→ **THE PROBLEM**
When a line below contains the word "coffee", copy that line.

[INPUT RECORDS]

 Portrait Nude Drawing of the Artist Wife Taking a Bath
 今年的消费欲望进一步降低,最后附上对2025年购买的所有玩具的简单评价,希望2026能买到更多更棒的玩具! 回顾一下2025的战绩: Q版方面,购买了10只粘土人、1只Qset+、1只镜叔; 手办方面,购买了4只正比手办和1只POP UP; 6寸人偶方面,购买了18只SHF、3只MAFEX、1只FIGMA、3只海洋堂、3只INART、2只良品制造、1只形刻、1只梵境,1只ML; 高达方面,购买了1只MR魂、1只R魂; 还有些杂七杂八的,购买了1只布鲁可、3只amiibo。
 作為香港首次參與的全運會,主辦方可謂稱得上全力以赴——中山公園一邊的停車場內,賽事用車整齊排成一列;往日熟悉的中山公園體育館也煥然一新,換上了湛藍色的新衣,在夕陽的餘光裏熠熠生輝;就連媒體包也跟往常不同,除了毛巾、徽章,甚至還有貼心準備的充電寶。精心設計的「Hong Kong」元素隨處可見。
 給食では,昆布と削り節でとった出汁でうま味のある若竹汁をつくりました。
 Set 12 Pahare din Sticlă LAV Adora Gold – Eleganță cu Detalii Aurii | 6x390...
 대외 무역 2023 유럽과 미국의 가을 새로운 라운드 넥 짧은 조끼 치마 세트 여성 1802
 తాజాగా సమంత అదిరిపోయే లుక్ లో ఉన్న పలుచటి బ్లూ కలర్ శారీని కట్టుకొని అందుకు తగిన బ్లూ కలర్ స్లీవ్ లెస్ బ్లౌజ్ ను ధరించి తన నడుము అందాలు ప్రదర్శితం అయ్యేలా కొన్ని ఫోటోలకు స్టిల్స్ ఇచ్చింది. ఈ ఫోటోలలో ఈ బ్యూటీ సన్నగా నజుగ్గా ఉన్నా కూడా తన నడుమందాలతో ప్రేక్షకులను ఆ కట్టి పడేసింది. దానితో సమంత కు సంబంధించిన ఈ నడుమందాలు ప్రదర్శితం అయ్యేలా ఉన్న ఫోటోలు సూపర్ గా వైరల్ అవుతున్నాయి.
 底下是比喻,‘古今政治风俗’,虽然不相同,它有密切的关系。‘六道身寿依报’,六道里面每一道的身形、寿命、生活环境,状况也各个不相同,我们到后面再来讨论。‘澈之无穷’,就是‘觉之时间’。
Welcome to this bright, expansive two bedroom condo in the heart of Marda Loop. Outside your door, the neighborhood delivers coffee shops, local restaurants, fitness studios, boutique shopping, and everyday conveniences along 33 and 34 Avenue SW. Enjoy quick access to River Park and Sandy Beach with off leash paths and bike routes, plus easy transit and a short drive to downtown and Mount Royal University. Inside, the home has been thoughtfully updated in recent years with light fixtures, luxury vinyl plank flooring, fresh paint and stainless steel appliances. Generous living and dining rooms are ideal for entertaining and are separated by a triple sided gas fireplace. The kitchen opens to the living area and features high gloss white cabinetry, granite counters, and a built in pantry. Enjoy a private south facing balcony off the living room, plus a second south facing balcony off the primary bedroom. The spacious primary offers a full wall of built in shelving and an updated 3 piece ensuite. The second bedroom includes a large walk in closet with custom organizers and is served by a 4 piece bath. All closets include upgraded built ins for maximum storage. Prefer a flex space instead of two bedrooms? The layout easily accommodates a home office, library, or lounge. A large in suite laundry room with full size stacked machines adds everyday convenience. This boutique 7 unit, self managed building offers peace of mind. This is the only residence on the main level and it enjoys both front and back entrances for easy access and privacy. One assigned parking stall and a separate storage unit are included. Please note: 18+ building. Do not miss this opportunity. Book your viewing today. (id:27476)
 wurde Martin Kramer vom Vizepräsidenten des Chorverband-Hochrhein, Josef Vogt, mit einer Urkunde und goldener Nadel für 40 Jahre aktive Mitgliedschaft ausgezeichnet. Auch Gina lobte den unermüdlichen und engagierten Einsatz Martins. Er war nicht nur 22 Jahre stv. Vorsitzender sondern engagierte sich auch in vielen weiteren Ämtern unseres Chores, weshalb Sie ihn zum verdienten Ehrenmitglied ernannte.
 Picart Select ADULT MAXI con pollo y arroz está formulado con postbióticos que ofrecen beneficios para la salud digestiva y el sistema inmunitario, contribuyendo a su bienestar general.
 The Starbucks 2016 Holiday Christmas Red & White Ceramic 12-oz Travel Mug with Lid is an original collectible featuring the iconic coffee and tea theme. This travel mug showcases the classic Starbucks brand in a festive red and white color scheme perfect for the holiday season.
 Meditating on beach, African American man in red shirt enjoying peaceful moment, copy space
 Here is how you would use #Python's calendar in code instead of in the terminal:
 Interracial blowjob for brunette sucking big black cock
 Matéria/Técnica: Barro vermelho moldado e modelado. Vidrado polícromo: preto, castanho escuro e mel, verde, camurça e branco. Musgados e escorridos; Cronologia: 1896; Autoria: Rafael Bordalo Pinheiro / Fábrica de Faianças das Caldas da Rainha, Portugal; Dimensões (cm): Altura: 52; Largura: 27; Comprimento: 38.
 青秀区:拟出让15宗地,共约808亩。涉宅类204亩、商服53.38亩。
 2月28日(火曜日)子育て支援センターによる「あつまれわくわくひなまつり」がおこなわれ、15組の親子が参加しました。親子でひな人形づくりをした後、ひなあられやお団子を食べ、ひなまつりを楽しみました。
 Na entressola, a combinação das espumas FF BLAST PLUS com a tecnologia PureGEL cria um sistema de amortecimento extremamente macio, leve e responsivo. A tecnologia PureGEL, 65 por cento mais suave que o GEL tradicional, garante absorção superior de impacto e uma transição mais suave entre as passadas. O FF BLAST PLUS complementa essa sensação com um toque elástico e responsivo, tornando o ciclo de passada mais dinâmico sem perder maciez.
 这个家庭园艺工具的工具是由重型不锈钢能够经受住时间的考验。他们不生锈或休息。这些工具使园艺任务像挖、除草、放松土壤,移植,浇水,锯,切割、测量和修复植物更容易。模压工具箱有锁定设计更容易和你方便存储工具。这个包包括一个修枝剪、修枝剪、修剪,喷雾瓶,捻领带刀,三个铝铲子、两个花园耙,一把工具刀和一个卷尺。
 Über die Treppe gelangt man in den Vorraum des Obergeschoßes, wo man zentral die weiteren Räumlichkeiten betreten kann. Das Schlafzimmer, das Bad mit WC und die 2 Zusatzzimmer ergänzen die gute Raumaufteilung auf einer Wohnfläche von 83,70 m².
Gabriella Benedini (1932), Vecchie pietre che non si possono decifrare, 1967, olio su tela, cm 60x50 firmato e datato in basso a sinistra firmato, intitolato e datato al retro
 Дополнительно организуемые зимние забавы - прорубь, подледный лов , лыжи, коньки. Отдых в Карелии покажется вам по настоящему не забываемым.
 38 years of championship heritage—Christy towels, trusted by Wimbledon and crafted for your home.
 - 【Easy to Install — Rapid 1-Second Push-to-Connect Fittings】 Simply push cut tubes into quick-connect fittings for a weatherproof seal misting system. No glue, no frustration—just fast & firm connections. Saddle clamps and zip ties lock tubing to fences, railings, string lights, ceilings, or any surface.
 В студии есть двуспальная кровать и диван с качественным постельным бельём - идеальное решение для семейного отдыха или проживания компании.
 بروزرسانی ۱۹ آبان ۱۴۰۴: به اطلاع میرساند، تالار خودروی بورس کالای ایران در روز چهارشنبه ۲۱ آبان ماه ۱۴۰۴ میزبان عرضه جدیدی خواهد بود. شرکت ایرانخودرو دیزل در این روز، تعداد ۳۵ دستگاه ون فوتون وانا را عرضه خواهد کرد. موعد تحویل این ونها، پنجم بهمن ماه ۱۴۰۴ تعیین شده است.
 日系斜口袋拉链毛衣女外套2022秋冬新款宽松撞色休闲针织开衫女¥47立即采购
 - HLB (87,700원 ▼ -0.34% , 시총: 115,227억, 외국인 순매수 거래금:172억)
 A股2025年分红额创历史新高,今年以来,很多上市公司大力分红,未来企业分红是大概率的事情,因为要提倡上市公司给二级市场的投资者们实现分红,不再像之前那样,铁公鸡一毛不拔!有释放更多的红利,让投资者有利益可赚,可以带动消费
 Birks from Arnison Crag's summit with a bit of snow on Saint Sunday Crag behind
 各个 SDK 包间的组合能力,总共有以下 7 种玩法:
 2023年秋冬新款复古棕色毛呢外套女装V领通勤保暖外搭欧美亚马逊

[/INPUT RECORDS]

→ **WRITTEN SOLUTION**
Welcome to this bright, expansive two bedroom condo in the heart of Marda Loop. Outside your door, the neighborhood delivers coffee shops, local restaurants, fitness studios, boutique shopping, and everyday conveniences along 33 and 34 Avenue SW. Enjoy quick access to River Park and Sandy Beach with off leash paths and bike routes, plus easy transit and a short drive to downtown and Mount Royal University. Inside, the home has been thoughtfully updated in recent years with light fixtures, luxury vinyl plank flooring, fresh paint and stainless steel appliances. Generous living and dining rooms are ideal for entertaining and are separated by a triple sided gas fireplace. The kitchen opens to the living area and features high gloss white cabinetry, granite counters, and a built in pantry. Enjoy a private south facing balcony off the living room, plus a second south facing balcony off the primary bedroom. The spacious primary offers a full wall of built in shelving and an updated 3 piece ensuite. The second bedroom includes a large walk in closet with custom organizers and is served by a 4 piece bath. All closets include upgraded built ins for maximum storage. Prefer a flex space instead of two bedrooms? The layout easily accommodates a home office, library, or lounge. A large in suite laundry room with full size stacked machines adds everyday convenience. This boutique 7 unit, self managed building offers peace of mind. This is the only residence on the main level and it enjoys both front and back entrances for easy access and privacy. One assigned parking stall and a separate storage unit are included. Please note: 18+ building. Do not miss this opportunity. Book your viewing today. (id:27476)
 The Starbucks 2016 Holiday Christmas Red & White Ceramic 12-oz Travel Mug with Lid is an original collectible featuring the iconic coffee and tea theme. This travel mug showcases the classic Starbucks brand in a festive red and white color scheme perfect for the holiday season.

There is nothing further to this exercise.